Auch sein Wunschtraum, als Filmschauspieler vor der Kamera zu stehen, vermochte sich der umtriebige Rock-Impresario zu erfüllen. In FRANCIS FORD COPPULAS Antikriegsfilm Apocalypse Now (1979) ist er in einer Nebenrolle als Konzertpromoter zu sehen. 1991 gab ihm der Spielfilmregisseur BARRY LEVINSON die Rolle des berühmten Gangsters Charlie »Lucky« Luciano in seinem Film Bugsy, der allerdings nur mäßig erfolgreich war.

Tod und Nachlass

BILL GRAHAM kam am 25. Oktober 1991 beim Absturz eines Hubschraubers, der ihn von einem Konzert der Band Huey Lewis and the News zurück nach San Francisco bringen sollte, nahe Vallejo ums Leben. Sein Unternehmen, Bill Graham Presents, wurde zunächst von den Mitarbeitern weitergeführt, später verkauft und kam 1997 unter das Dach von Clear Channel Entertainment, aus der inzwischen Live Nation Entertainment mit Sitz im kalifornischen Beverly Hills geworden ist, die mit Live Nation die größte Konzertagentur der Welt betreibt.
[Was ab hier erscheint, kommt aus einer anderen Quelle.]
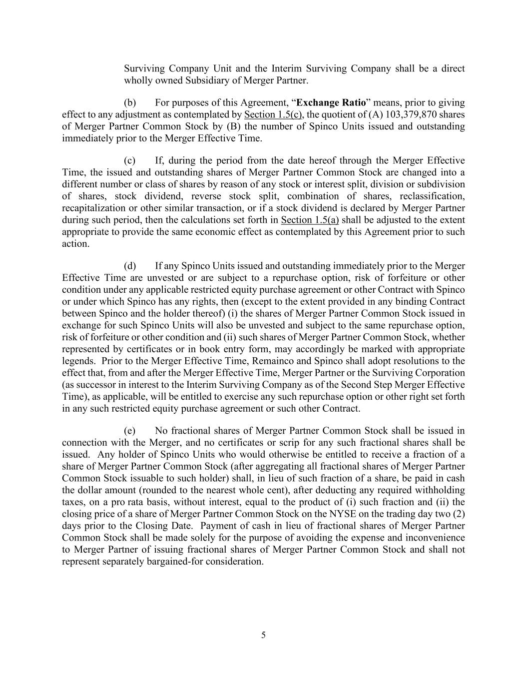 5 Surviving Company Unit and the Interim Surviving Company shall be a direct wholly owned Subsidiary of Merger Partner. (b) For purposes of this Agreement, “Exchange Ratio” means, prior to giving effect to any adjustment as contemplated by Section 1.5(c), the quotient of (A) 103,379,870 shares of Merger Partner Common Stock by (B) the number of Spinco Units issued and outstanding immediately prior to the Merger Effective Time. (c) If, during the period from the date hereof through the Merger Effective Time, the issued and outstanding shares of Merger Partner Common Stock are changed into a different number or class of shares by reason of any stock or interest split, division or subdivision of shares, stock dividend, reverse stock split, combination of shares, reclassification, recapitalization or other similar transaction, or if a stock dividend is declared by Merger Partner during such period, then the calculations set forth in Section 1.5(a) shall be adjusted to the extent appropriate to provide the same economic effect as contemplated by this Agreement prior to such action. (d) If any Spinco Units issued and outstanding immediately prior to the Merger Effective Time are unvested or are subject to a repurchase option, risk of forfeiture or other condition under any applicable restricted equity purchase agreement or other Contract with Spinco or under which Spinco has any rights, then (except to the extent provided in any binding Contract between Spinco and the holder thereof) (i) the shares of Merger Partner Common Stock issued in exchange for such Spinco Units will also be unvested and subject to the same repurchase option, risk of forfeiture or other condition and (ii) such shares of Merger Partner Common Stock, whether represented by certificates or in book entry form, may accordingly be marked with appropriate legends. Prior to the Merger Effective Time, Remainco and Spinco shall adopt resolutions to the effect that, from and after the Merger Effective Time, Merger Partner or the Surviving Corporation (as successor in interest to the Interim Surviving Company as of the Second Step Merger Effective Time), as applicable, will be entitled to exercise any such repurchase option or other right set forth in any such restricted equity purchase agreement or such other Contract. (e) No fractional shares of Merger Partner Common Stock shall be issued in connection with the Merger, and no certificates or scrip for any such fractional shares shall be issued. Any holder of Spinco Units who would otherwise be entitled to receive a fraction of a share of Merger Partner Common Stock (after aggregating all fractional shares of Merger Partner Common Stock issuable to such holder) shall, in lieu of such fraction of a share, be paid in cash the dollar amount (rounded to the nearest whole cent), after deducting any required withholding taxes, on a pro rata basis, without interest, equal to the product of (i) such fraction and (ii) the closing price of a share of Merger Partner Common Stock on the NYSE on the trading day two (2) days prior to the Closing Date. Payment of cash in lieu of fractional shares of Merger Partner Common Stock shall be made solely for the purpose of avoiding the expense and inconvenience to Merger Partner of issuing fractional shares of Merger Partner Common Stock and shall not represent separately bargained-for consideration.

BILL GRAHAM hinterließ Tausende von Konzertaufzeichnungen seiner Shows auf Video und Tonband, Fotos, Merchandising-Artikel sowie diverse Memorabilien im Gesamtwert von mehreren Hundert Millionen Dollar. Sie wurden 2002 von dem Unternehmer William Sagan (Norton LLC) aufgekauft und als Wolfgang’s Vault (nach Bill Grahams ursprünglichem Vornamen) der Öffentlichkeit zugänglich gemacht. Sie sind inzwischen um weitere Archive ergänzt worden und repräsentieren auf einzigartige Weise die Rockgeschichte der 1960er-, 1970er- und 1980er-Jahre. Das San Francisco Civic Auditorium wurde 1992 BILL GRAHAM zu Ehren in Graham Auditorium umbenannt. Die 7000 Plätze umfassenden Halle beherbergt Großkonzerte mit den Stars aus Rock- und Popmusik.

Stand: 2010
Dieser Text befindet sich in redaktioneller Bearbeitung.